Please copy, exactly as written, the span from the first line below to the line that contains "Прилавок с охлаждаемой", including both, and skip the pictures.

Dataset excerpts:

>>>

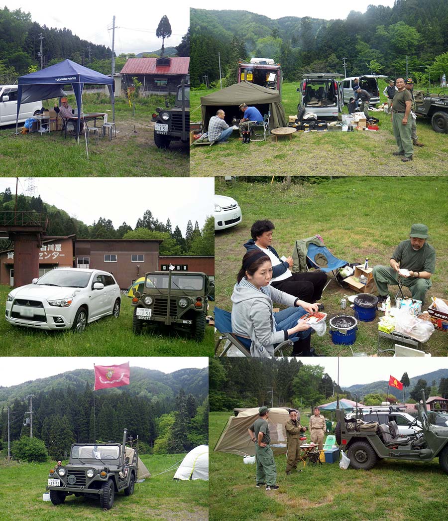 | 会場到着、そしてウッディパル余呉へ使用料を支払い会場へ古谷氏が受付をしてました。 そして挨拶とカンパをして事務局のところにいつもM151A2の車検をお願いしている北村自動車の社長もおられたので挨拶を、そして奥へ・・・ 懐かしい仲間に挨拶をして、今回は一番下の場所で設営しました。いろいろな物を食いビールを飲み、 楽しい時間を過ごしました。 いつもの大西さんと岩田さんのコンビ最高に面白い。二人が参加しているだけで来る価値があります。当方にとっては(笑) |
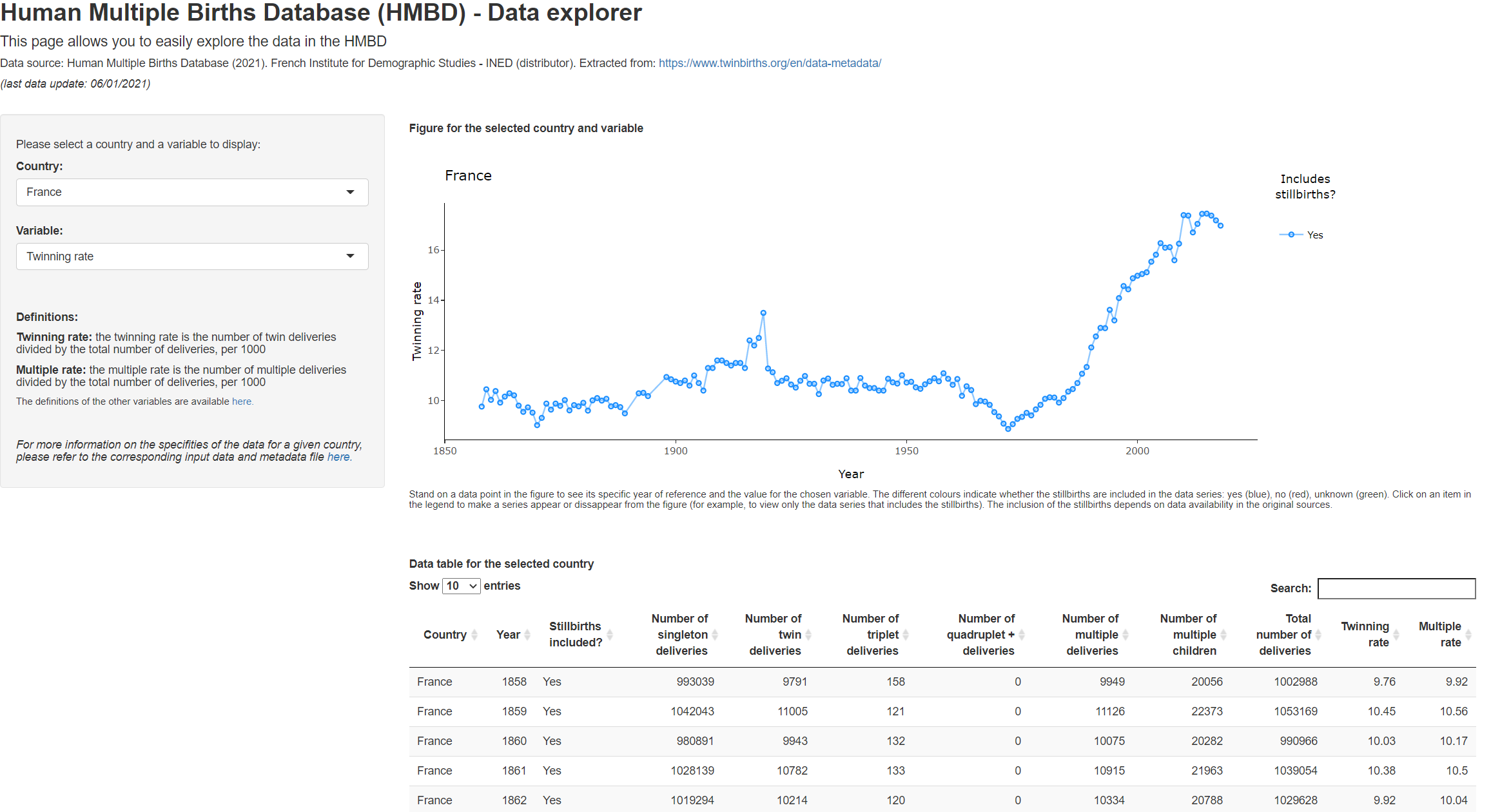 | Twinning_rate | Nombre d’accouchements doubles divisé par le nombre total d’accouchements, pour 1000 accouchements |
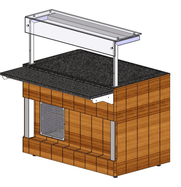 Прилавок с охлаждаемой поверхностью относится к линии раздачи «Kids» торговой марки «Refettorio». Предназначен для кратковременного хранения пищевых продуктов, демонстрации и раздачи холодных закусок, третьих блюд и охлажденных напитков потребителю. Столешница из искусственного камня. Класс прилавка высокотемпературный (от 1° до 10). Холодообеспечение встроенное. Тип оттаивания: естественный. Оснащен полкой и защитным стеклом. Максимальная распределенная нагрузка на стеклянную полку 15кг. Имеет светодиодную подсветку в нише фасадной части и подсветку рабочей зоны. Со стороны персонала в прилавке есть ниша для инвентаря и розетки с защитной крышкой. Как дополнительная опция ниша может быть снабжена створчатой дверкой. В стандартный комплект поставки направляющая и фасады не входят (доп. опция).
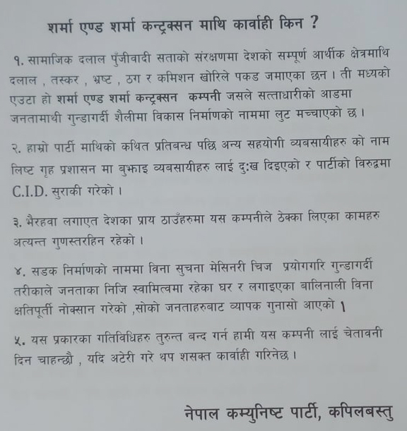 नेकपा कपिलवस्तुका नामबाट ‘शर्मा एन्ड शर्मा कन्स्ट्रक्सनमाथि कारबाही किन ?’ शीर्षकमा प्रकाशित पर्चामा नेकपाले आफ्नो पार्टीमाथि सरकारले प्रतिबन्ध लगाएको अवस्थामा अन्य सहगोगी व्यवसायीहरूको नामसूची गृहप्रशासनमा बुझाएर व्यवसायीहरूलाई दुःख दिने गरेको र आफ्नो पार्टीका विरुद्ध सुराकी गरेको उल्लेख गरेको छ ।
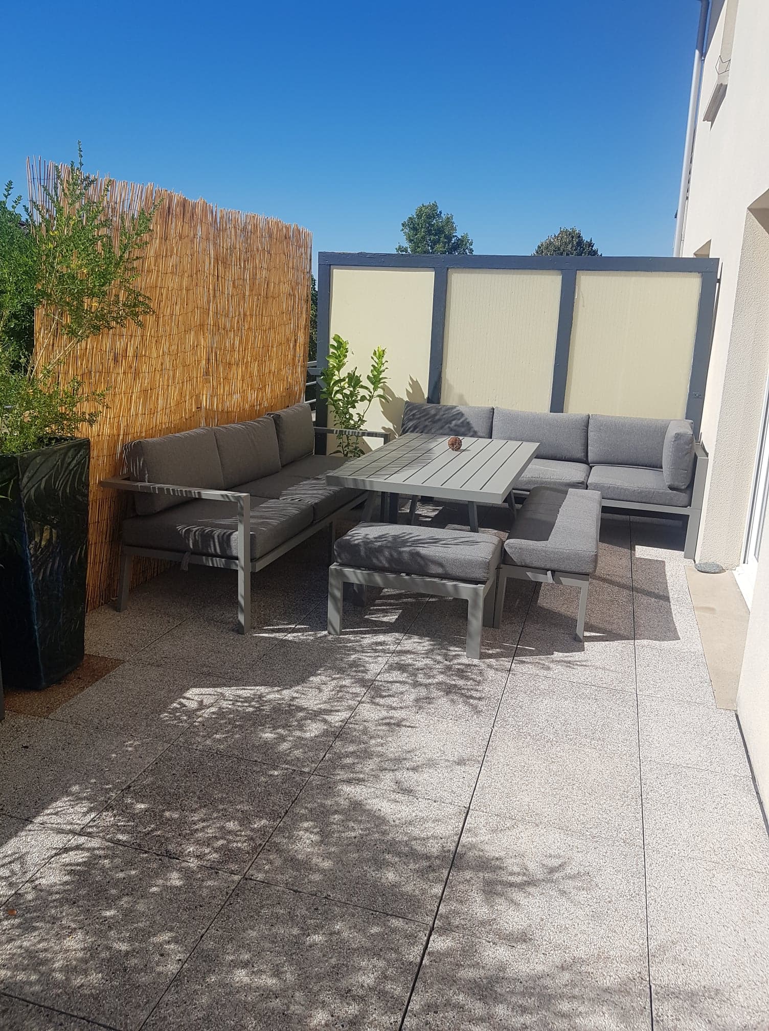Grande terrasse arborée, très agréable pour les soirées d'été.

<<<

Written reply:
 | 会場到着、そしてウッディパル余呉へ使用料を支払い会場へ古谷氏が受付をしてました。 そして挨拶とカンパをして事務局のところにいつもM151A2の車検をお願いしている北村自動車の社長もおられたので挨拶を、そして奥へ・・・ 懐かしい仲間に挨拶をして、今回は一番下の場所で設営しました。いろいろな物を食いビールを飲み、 楽しい時間を過ごしました。 いつもの大西さんと岩田さんのコンビ最高に面白い。二人が参加しているだけで来る価値があります。当方にとっては(笑) |
 | Twinning_rate | Nombre d’accouchements doubles divisé par le nombre total d’accouchements, pour 1000 accouchements |
 Прилавок с охлаждаемой поверхностью относится к линии раздачи «Kids» торговой марки «Refettorio». Предназначен для кратковременного хранения пищевых продуктов, демонстрации и раздачи холодных закусок, третьих блюд и охлажденных напитков потребителю. Столешница из искусственного камня. Класс прилавка высокотемпературный (от 1° до 10). Холодообеспечение встроенное. Тип оттаивания: естественный. Оснащен полкой и защитным стеклом. Максимальная распределенная нагрузка на стеклянную полку 15кг. Имеет светодиодную подсветку в нише фасадной части и подсветку рабочей зоны. Со стороны персонала в прилавке есть ниша для инвентаря и розетки с защитной крышкой. Как дополнительная опция ниша может быть снабжена створчатой дверкой. В стандартный комплект поставки направляющая и фасады не входят (доп. опция).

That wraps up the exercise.